He said the central bank should use the opportunity to send a clear signal on when and how it might begin easing monetary policy.

Chisanga argued that the current policy stance was still yielding positive results and should be maintained in the short term, with any shift towards lower rates tied to sustained macroeconomic stability.

“I think the current policy framework is still bearing good effects, and it will be absolutely important to maintain given the circumstances slightly ahead of us,” Chisanga said in commentary on Tuesday, ahead of the Monetary Policy Committee (MPC) announcement.
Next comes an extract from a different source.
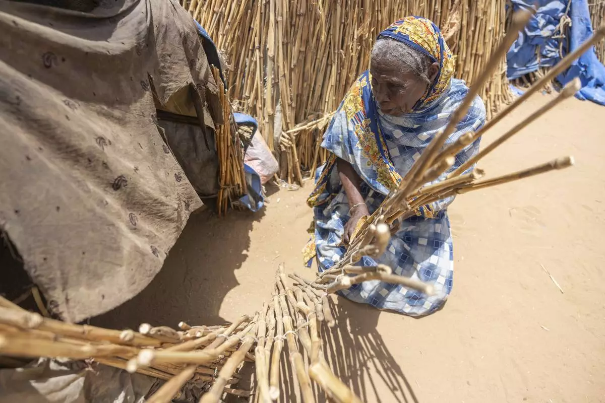 Fatima Omas Abdullah sits by her makeshift shelter in the Adre, Chad, transit camp, Friday, May 9, 2025. (AP Photo/Caitlin Kelly)
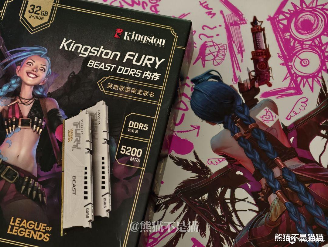 搞定了显卡,内存自然也不能拖后腿。作为资深“联名控”,熊猫手里的《英雄联盟》周边没有三十也有二十件了。这次为了给蓝戟A380找个好搭档,我特意掏出了压箱底的金士顿 × 英雄联盟联名限定套条。

He argued that sustained inflation moderation and fiscal discipline could maintain credibility, anchor expectations, and prepare the market for a smoother policy glide path into 2026—ultimately softening any landing effects.

The MPC has been meeting this week to decide the next trajectory of the policy rate, with the benchmark currently at 14.5 percent.

Headline inflation eased to 13 percent in July from 14.1 percent in June, which Chisanga described as the clearest sign yet that the inflation tide is turning—driven largely by seasonal food supply gains and a more stable kwacha.

Read more: Bank of Zambia gets thumb up from economists on strategies to keep monetary policy rate steady

However, he cautioned that core inflation remains sticky, with fuel and power price adjustments still in the pipeline, while global financing conditions remain tight.

“This means the BoZ is still walking a fine line—cutting too early risks undoing hard-won currency stability, but holding too long could further choke already sluggish credit growth to the productive sectors,” he said.

Chisanga also noted that the International Monetary Fund’s recent endorsement of Zambia’s “appropriately tight” stance suggests a base case of holding rates at 14.5 percent to consolidate disinflation before pivoting.

Still, he said a measured 50-basis-point cut could be justified if policymakers wish to send a confidence signal to the real economy, leveraging improved reserves and stronger copper earnings as a buffer.

“Whichever path is taken,” Chisanga stressed, “the decision will be less about the August rate itself and more about forward guidance.”